Many algorithms require discriminative boundaries, such as separating hyperplanes or hyperballs, or are specifically designed to work on spherical data. By applying inversive geometry, we show that the two discriminative boundaries can be used interchangeably, and that general Euclidean data can be transformed into spherical data, whenever a change in point distances is acceptable. We provide explicit formulae to embed general Euclidean data into spherical data and to unembed it back. We further show a duality between hyperspherical caps, i.e., the volume created by a separating hyperplane on spherical data, and hyperballs and provide explicit formulae to map between the two. We further provide equations to translate inner products and Euclidean distances between the two spaces, to avoid explicit embedding and unembedding. We also provide a method to enforce projections of the general Euclidean space onto hemi-hyperspheres and propose an intrinsic dimensionality based method to obtain "all-purpose" parameters. To show the usefulness of the cap-ball-duality, we discuss example applications in machine learning and vector similarity search.

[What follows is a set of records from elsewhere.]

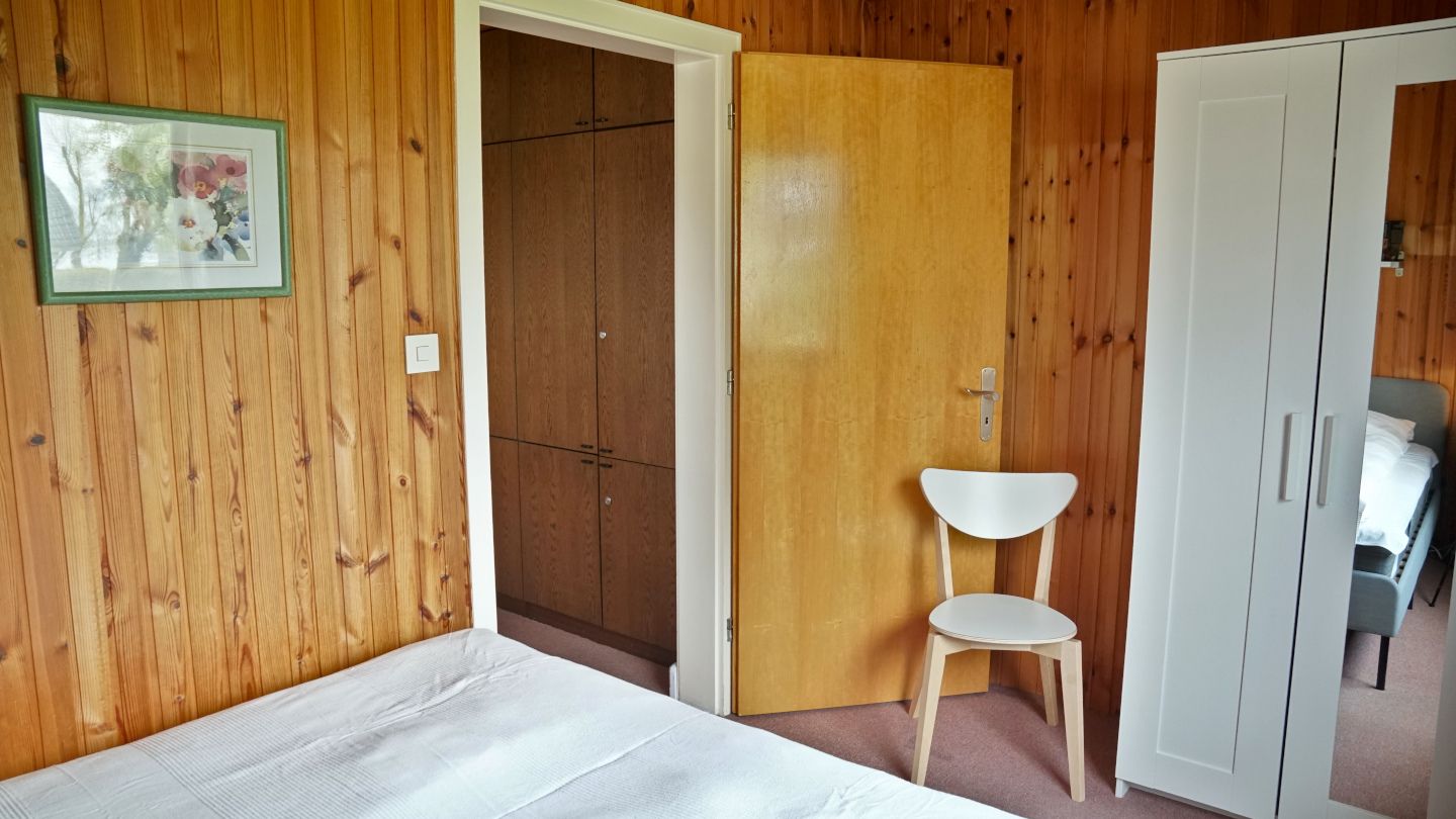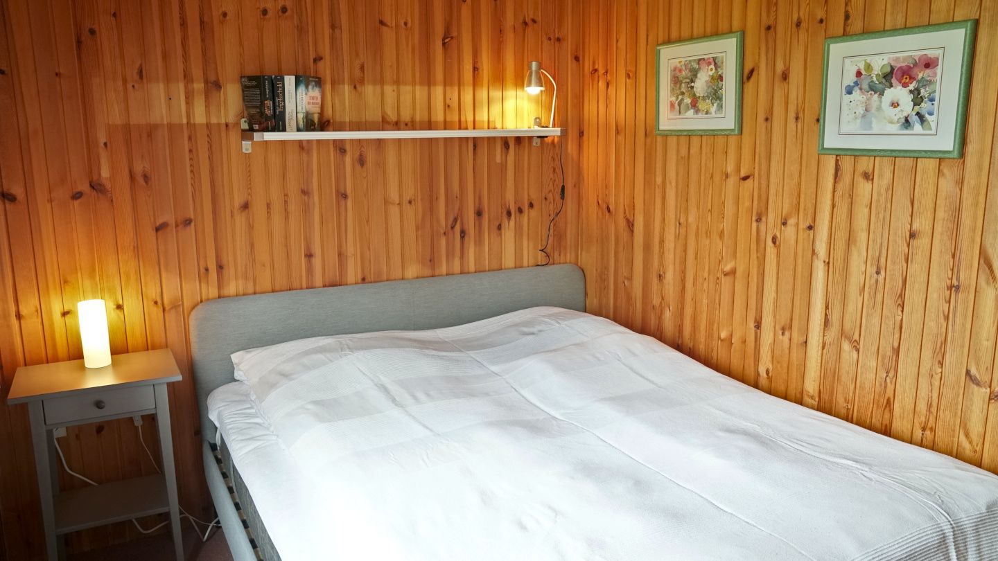1 separates Schlafzimmer mit kleinem Doppelbett (durchgehende Matratze)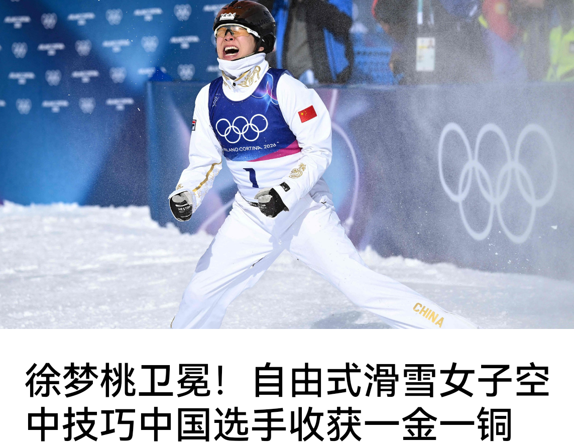农历丙午年正月初二,米兰-科尔蒂纳冬奥会冰雪赛场再传振奋人心的新春捷报!北京时间2月18日,自由式滑雪女子空中技巧决赛落下帷幕。五战奥运的中国功勋老将徐梦桃,凭借决胜轮112.90分的无懈一跳成功卫冕,拿下中国代表团本届冬奥会的第2枚金牌;小将邵琪稳扎稳打,以101.90分斩获铜牌。两位中国姑娘携手站上领奖台,为万家团圆的新春佳节,再添一抹滚烫耀眼的中国红。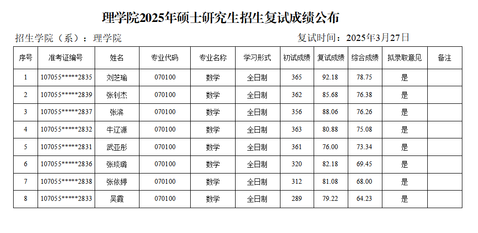 永利yl234112025年硕士研究生招生复试成绩公布(一志愿考生)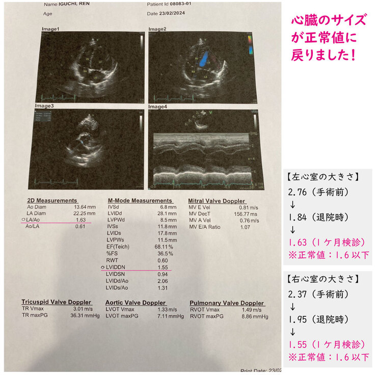そして、心臓のサイズも正常値に戻りました!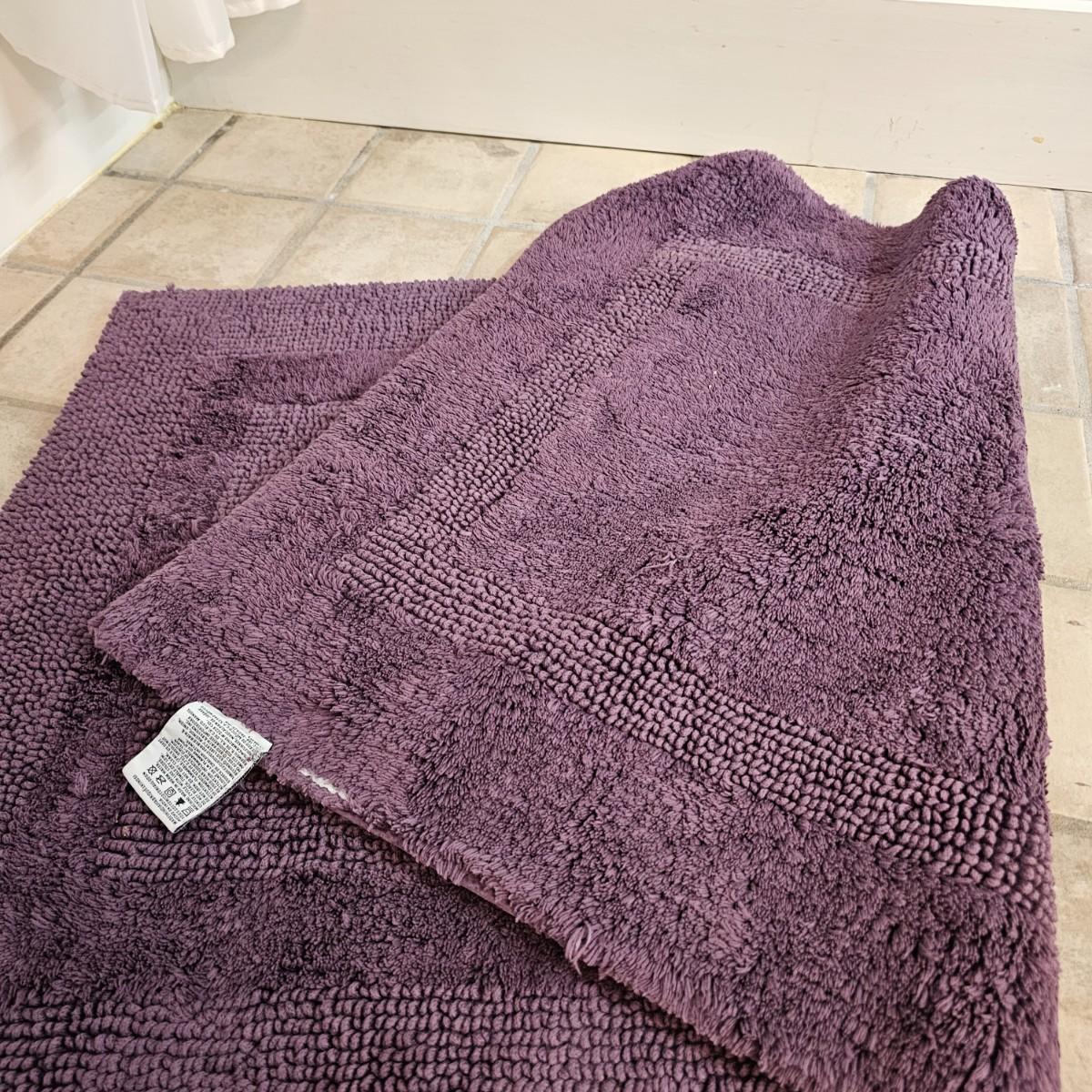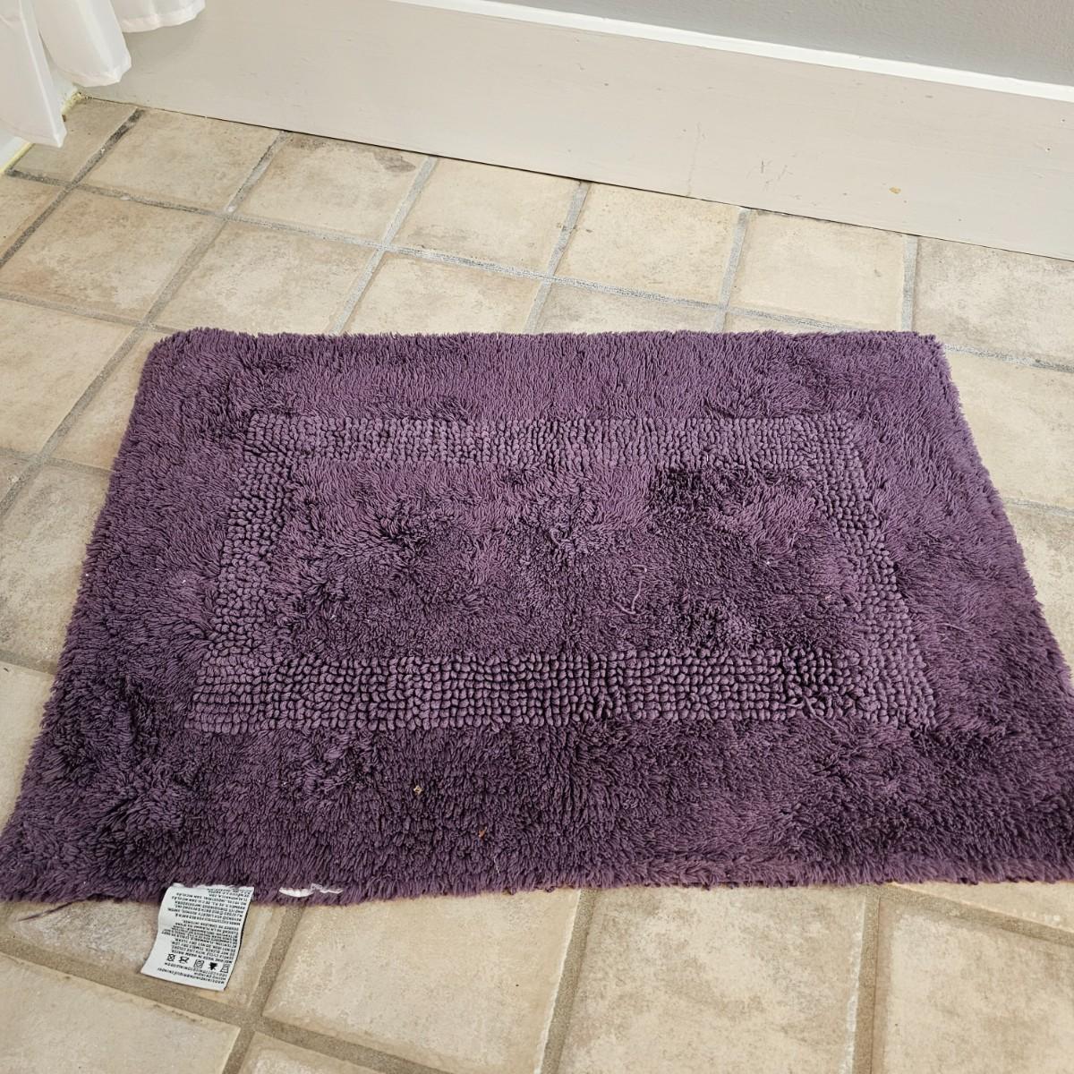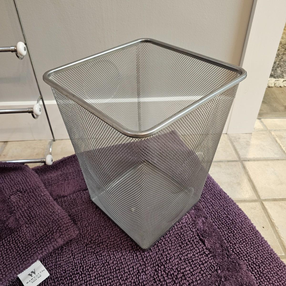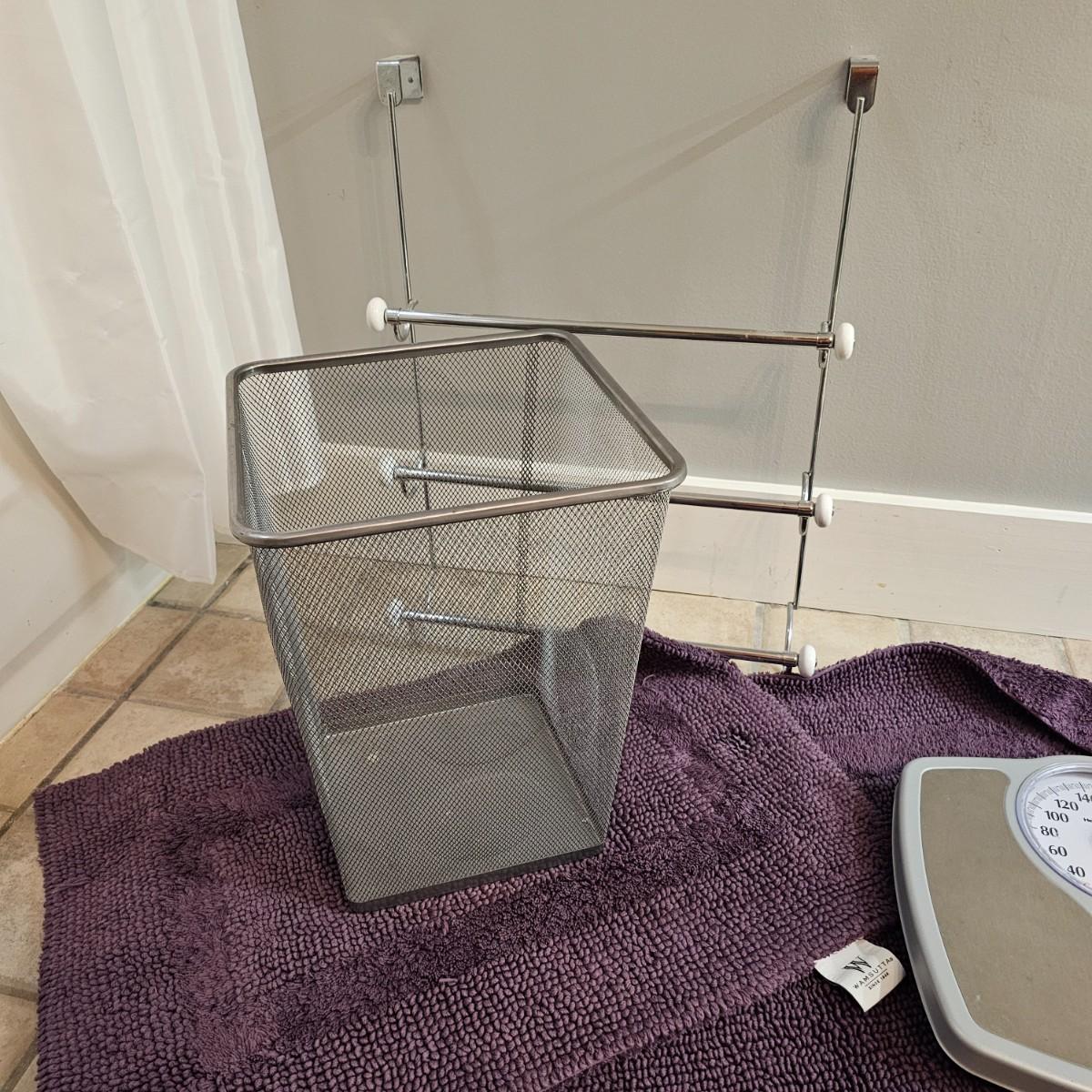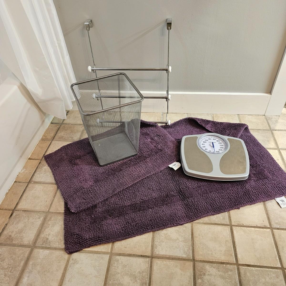 A collection of bath items. A Healthometer scale, Ikea stainless trashcan, hanging towel rack, and two Wamsutta rugs. Rack is 17" x 5" x 22"H, bath mat is 25" x 17", and larger rug is 40" x 24". See photos for details. Shipping available.

翻译：许多算法需要判别边界，例如分离超平面或超球体，或者专门设计用于处理球形数据。通过应用反演几何，我们证明这两种判别边界可以互换使用，并且当点距离的变化可接受时，一般欧几里得数据可以转化为球形数据。我们提供了将一般欧几里得数据嵌入球形数据及反向解嵌的显式公式。我们进一步证明了超球冠（即由分离超平面在球形数据上创建的体积）与超球体之间的对偶关系，并给出了两者间映射的显式公式。我们还提供了两个空间之间内积和欧几里得距离的转换方程，以避免显式嵌入和解嵌操作。此外，我们提出了一种将一般欧几里得空间投影到半球超球面的方法，并基于本征维度提出了获取"通用"参数的方法。为展示球冠-球体对偶性的实用性，我们讨论了其在机器学习和向量相似性搜索中的示例应用。